The Response of the C3-CAM Tree,Clusia rosea, to Light and Water Stress

Abstract

Gas exchange in Clusia rosea has been measured under various conditions of water status, light and leaf-air vapour pressure deficit (Δ_w, mbar bar⁻¹) which produce daytime (C₃), night-time (CAM) or 24 h uptake of CO₂. At high light levels, at a Δ_w of 6.6, well-watered plants utilized C₃ photosynthesis while CAM and 24 h uptake occurred under lower light levels and with low to normal water availability and differing Δ_w (13.5 and 3.4, respectively). CO₂ uptake was highest, stomatal conductance to water vapour (gH₂o) lowest, and water use efficiency (WUE) highest in plants using C₃ photosynthesis.
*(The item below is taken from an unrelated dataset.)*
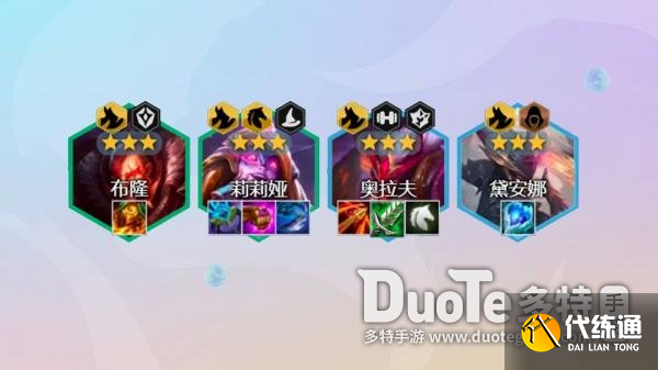 阵容运营:这是一套D卡流阵容思路,一般情况需要在3-2阶段找到全员2星,中后期找到3星阵容体系即可。玩法跟很多2费卡阵容类似,都是属于一套6D3星思路。
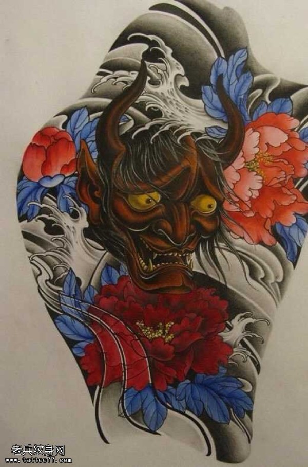 能面万媚纹身手稿_52张日式能剧面具纹身手稿图案素材欣赏

This latter fact is contrary to the accepted view that CAM is most water use efficient, i.e. it optimizes CO₂ uptake with minimal water loss. It is suggested that the low CO₂ uptake in CAM photosynthesis may be related not only to the higher Δ_w but also to the fact that Clusia species accumulate citrate which may originate from β-carboxylation of fatty acids (i.e. an internal source of CO₂) and does not contribute to night-time external CO₂ assimilation. Curves of assimilation (A) versus internal partial pressure of CO₂ (A/c₁) for the three photosynthetic types, under atmospheric conditions, did not produce a single trend. The trends which were produced represent the supply function for the interaction, under differing modes of photosynthesis, of the two major enzyme systems involved in CAM.